Taking the line with "De Silikomart Tricot" as the first and the line with "एक पोस्ट किया।" as the last, set down the lines below exactly, pictures excluded.

*** DATA FOR THE TASK ***

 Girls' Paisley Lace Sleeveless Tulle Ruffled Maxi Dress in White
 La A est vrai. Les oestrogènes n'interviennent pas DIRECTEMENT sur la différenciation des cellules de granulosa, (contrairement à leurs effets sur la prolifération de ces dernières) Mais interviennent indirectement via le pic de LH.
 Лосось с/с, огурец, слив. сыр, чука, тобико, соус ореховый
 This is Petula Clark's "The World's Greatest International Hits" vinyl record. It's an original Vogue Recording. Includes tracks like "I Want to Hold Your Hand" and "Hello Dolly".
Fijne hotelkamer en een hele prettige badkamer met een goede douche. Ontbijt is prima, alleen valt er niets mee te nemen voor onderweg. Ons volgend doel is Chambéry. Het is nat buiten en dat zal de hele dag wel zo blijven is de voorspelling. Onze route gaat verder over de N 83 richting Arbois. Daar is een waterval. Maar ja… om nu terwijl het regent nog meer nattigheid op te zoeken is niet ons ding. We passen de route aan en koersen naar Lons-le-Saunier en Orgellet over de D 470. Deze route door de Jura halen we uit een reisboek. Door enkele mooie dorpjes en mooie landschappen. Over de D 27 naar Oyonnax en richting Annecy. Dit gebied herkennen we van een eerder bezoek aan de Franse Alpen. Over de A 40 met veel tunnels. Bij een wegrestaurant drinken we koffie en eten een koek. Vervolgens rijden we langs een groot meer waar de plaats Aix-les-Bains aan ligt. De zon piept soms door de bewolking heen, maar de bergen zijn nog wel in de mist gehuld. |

*** End of DATA FOR THE TASK ***
*** DATA FOR THE TASK ***

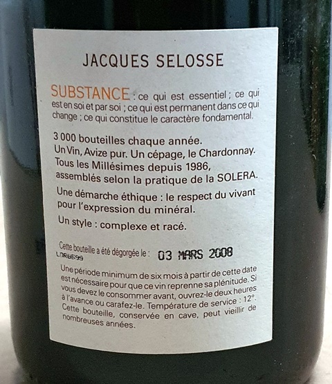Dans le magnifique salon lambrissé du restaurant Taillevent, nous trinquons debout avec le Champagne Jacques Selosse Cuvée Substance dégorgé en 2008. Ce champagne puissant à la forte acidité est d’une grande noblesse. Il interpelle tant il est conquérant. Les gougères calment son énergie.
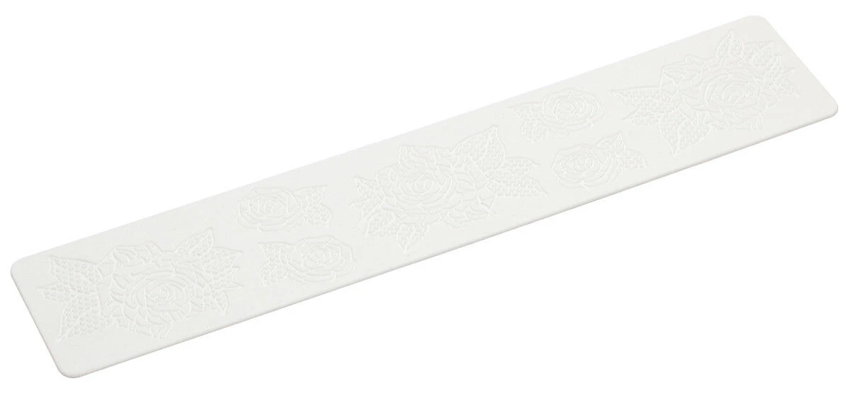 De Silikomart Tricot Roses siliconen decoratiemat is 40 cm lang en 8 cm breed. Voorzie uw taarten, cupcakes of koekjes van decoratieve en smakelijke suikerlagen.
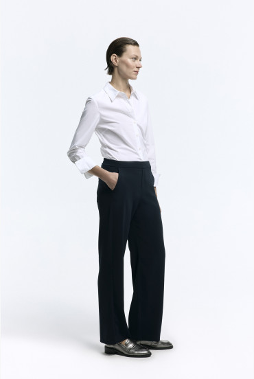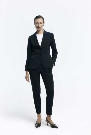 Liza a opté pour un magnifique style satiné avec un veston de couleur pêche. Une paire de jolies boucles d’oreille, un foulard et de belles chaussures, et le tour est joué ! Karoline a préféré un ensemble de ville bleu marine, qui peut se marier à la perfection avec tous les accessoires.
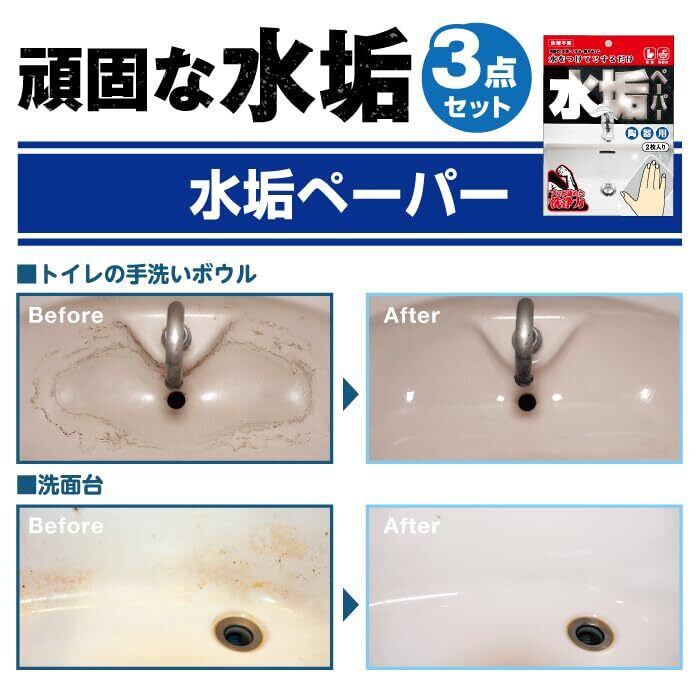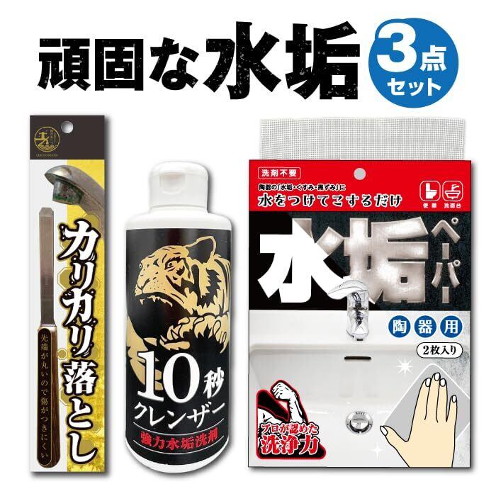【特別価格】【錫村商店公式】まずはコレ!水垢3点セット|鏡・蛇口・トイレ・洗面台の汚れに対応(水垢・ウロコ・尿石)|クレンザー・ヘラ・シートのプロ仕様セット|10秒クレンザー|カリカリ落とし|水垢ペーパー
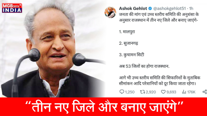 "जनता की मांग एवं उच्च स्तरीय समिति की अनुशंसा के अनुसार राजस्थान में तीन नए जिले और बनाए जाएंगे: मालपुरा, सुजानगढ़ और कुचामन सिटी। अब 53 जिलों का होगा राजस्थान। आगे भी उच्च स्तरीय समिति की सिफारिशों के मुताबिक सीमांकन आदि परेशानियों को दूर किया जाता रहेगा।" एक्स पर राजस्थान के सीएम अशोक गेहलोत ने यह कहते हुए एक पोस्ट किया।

*** End of DATA FOR THE TASK ***
*** DATA FOR THE TASK ***

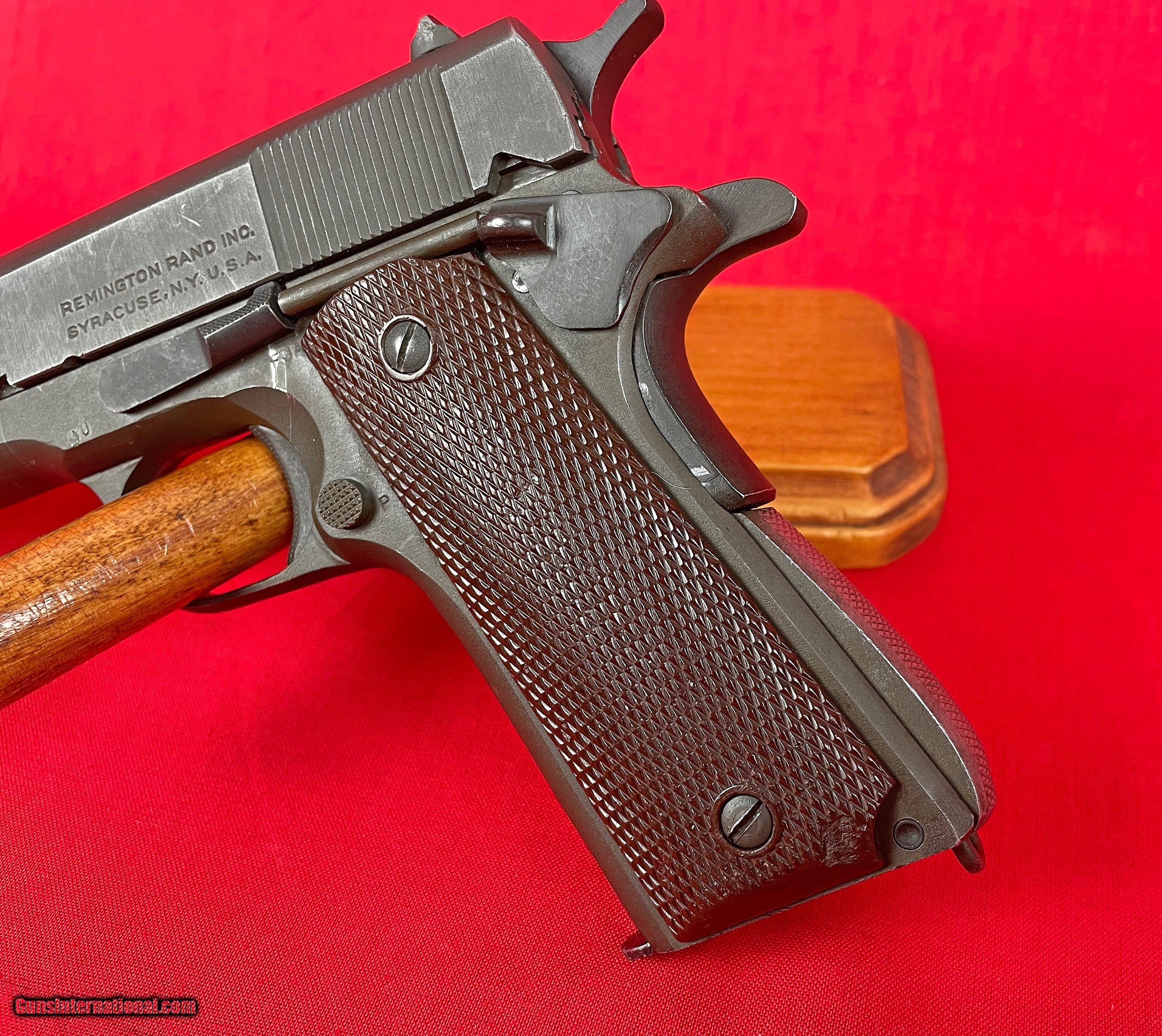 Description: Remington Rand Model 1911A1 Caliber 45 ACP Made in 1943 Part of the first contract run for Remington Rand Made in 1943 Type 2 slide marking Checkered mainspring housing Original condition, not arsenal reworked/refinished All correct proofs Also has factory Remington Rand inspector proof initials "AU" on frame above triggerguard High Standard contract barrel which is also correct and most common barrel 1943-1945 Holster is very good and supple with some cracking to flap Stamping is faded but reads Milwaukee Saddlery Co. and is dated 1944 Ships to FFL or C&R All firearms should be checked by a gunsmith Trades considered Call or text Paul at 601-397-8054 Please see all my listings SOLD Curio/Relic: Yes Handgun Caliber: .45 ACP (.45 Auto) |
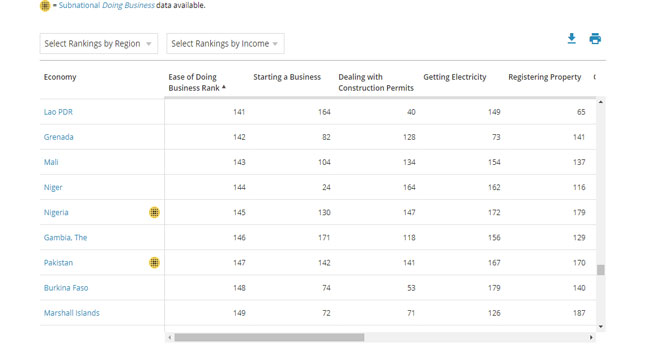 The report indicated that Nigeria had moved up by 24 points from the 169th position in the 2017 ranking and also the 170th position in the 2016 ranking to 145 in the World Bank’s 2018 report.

*** End of DATA FOR THE TASK ***

ANSWER TO THE PROBLEM ->
 De Silikomart Tricot Roses siliconen decoratiemat is 40 cm lang en 8 cm breed. Voorzie uw taarten, cupcakes of koekjes van decoratieve en smakelijke suikerlagen.
 Liza a opté pour un magnifique style satiné avec un veston de couleur pêche. Une paire de jolies boucles d’oreille, un foulard et de belles chaussures, et le tour est joué ! Karoline a préféré un ensemble de ville bleu marine, qui peut se marier à la perfection avec tous les accessoires.
【特別価格】【錫村商店公式】まずはコレ!水垢3点セット|鏡・蛇口・トイレ・洗面台の汚れに対応(水垢・ウロコ・尿石)|クレンザー・ヘラ・シートのプロ仕様セット|10秒クレンザー|カリカリ落とし|水垢ペーパー
 "जनता की मांग एवं उच्च स्तरीय समिति की अनुशंसा के अनुसार राजस्थान में तीन नए जिले और बनाए जाएंगे: मालपुरा, सुजानगढ़ और कुचामन सिटी। अब 53 जिलों का होगा राजस्थान। आगे भी उच्च स्तरीय समिति की सिफारिशों के मुताबिक सीमांकन आदि परेशानियों को दूर किया जाता रहेगा।" एक्स पर राजस्थान के सीएम अशोक गेहलोत ने यह कहते हुए एक पोस्ट किया।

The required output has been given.